Page 1 of 1

cleaning up fax-quality images for legibility -- performance

Posted: 2009-04-17T04:20:13-07:00
by JoeBackward
Hello. ImageMagick is really great, thank you, thank you.

I'm using it to clean up images so people can read them.

It's a medical records application. We receive tons of unsearchable scanned pdf files -- with nothing but 300x300 dpi bitonal images in them. Really, tons of them. Too many to try to OCR them all. Plus we kind of like them unsearchable -- it helps maintain patient confidentiality. We don't have any control over this format.

Sometimes a user wants us to fax a document to somebody. We make a SOAP call to a fax service and transmit the the PDF. They resample it to fax resolution with ghostscript and stuff it into the fax modem.

Here's the problem. The resampling decimates the image ... drops scan rows and scan lines.
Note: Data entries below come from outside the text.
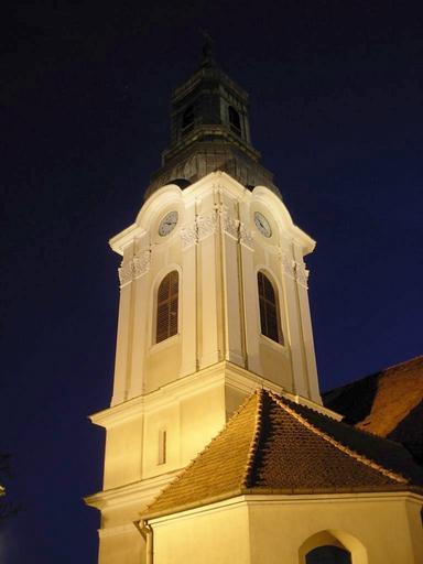 Keywords: Bydgoszcz Kościół św Mikołaja zmierzch a2.jpg pl Kościół św Mikołaja w Bydgoszczy own Pit1233 2008 Saint Nicholas church in Bydgoszcz-Fordon at night
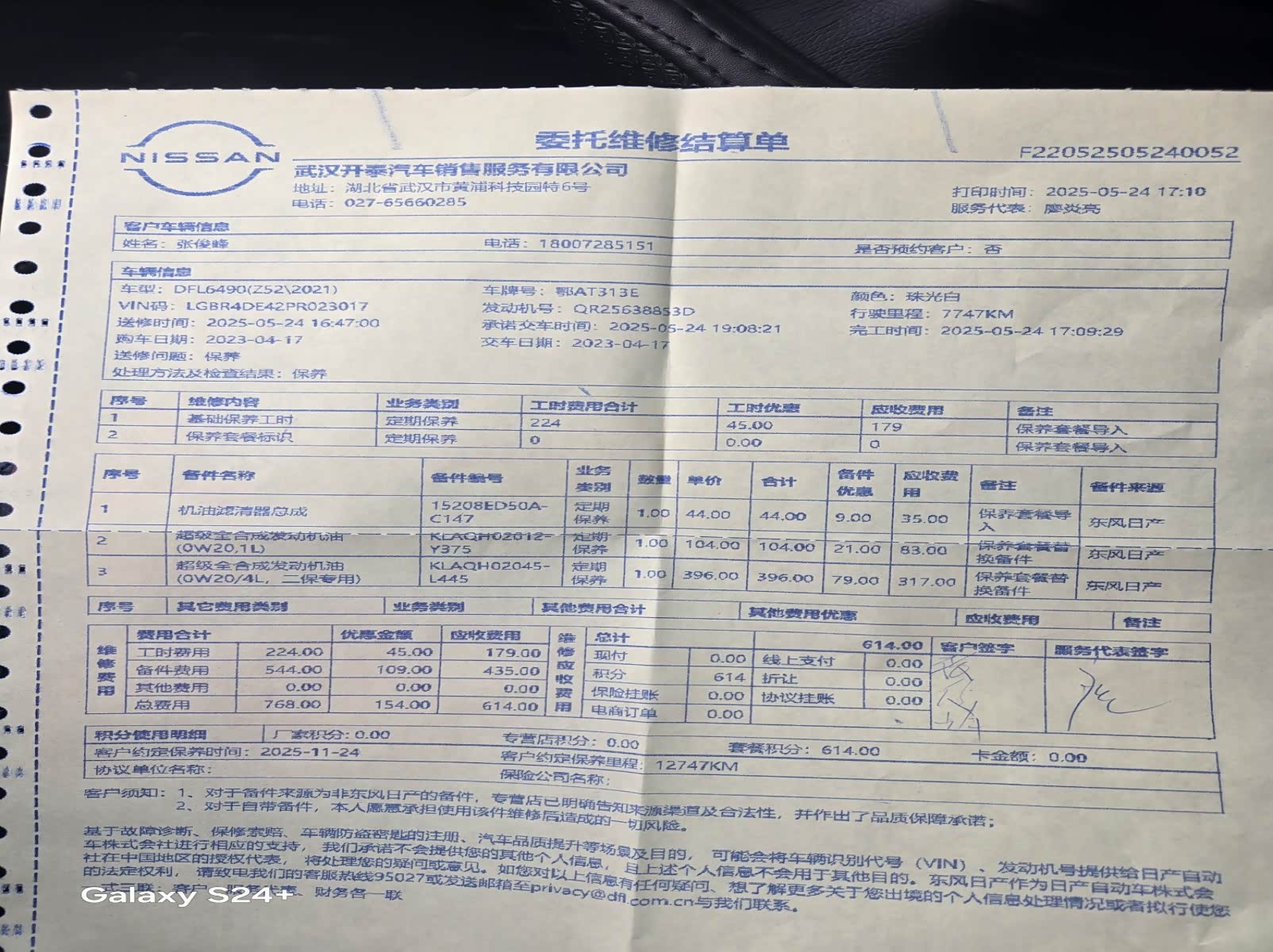 购买的2次保养套餐,汉口开泰日产店在装修,维修车间小了一半,免费洗车服务蛮到位
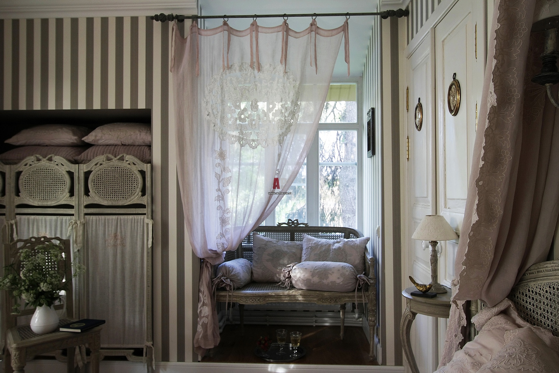 В спальне возле окна на небольшом возвышении сделана зона отдыха с маленьким диваном. Слева – встроенный шкаф для хранения постельных принадлежностей. Вместо распашных дверей – декоративная ширма в стиле Прованс.

So, if the text is small on the document, it's illegible on the fax. Not good, especially when it says "give Mrs. Robinson 1MG of morphine an hour" (or was that 100MG, I can't read it) ???!!!

Also, sometimes the images have a stippled background.
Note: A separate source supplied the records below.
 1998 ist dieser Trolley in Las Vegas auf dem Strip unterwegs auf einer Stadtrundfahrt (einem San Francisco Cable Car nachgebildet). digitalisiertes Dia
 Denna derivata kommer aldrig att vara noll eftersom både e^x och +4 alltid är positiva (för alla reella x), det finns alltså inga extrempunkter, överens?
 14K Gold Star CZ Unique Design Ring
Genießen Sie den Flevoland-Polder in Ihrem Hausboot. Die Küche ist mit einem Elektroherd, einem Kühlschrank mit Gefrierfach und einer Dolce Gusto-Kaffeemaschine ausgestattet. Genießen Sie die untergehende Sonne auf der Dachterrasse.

We've done this, with ImageMagick, to the images with good effect:

convert -density 400x400 -blur 1.0 -threshold 80% inputfile outputfile

This raises the resolution of the pdfs a bit, but with g4 compression the file size expansion is tolerable. Then, the decimation downsampling for faxing doesn't completely wreck the image. We've also tried this to diminish the stippled background:

convert -density 400x400 -despeckle -blur 1.0 -threshold 80% inputfile outputfile

That works well, but it takes a long time -- too long for our production app. Mrs. Robinson needs her morphine today, not tomorrow! (Half a minute per page is a problem: we need to fax out a few thousand pages in a peak hour.)

So, here's the question for you ImageMagick wizards... Is it possible to do this kind of thing faster?
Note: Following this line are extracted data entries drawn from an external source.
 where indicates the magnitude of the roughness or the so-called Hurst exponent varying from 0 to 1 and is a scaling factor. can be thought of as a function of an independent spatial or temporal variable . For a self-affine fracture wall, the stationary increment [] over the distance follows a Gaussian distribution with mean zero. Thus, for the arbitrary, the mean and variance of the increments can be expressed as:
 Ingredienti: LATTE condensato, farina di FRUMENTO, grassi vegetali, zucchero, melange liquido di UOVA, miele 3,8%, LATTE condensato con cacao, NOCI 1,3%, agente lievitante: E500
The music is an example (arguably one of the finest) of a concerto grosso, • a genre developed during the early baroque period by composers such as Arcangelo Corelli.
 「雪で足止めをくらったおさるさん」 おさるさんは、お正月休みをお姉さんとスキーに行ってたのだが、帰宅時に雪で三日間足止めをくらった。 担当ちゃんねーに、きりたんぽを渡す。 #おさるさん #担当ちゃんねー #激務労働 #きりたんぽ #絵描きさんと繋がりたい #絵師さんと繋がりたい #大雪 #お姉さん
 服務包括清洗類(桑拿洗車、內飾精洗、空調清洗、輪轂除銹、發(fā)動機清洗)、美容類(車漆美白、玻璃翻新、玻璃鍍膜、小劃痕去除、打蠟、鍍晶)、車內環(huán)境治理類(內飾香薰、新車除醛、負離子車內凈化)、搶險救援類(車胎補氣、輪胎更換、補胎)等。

Is it true that convert -density 400x400 turns the bitonal input image into a 24-bit continuous tone RGB image? Is there a way to tell it to use an 8-bit grayscale image instead? That should make the -blur and -despeckle operations quite a bit faster.

Is there a faster upsample-antialias operation than -blur?

I'd be grateful for any advice. So will Mrs. Robinson, when she recovers. Thanks.
Ollie Jones
Curaspan Health Group

Re: cleaning up fax-quality images for legibility -- performance

Posted: 2009-04-17T05:43:39-07:00
by magick
  • convert -density 400x400 -despeckle -blur 1.0 -threshold 80% inputfile outputfile
ImageMagick is only half of the performance equation. If your input file is PDF, ImageMagick uses the Ghostscript delegate program or library to render the PDF, ImageMagick then despeckles, blurs, thresholds the image and writes it back out. For performance increases you can always increase memory. If you have a multi-core system, recent versions of ImageMagick can run in parallel which can speed up the process linearly. We have had some posts where a command took 2 minutes on a users hosts. We took the same command to our 4-core Xeon system with Redhat Linux and OpenMP-enabled ImageMagick and the same command took 20 seconds.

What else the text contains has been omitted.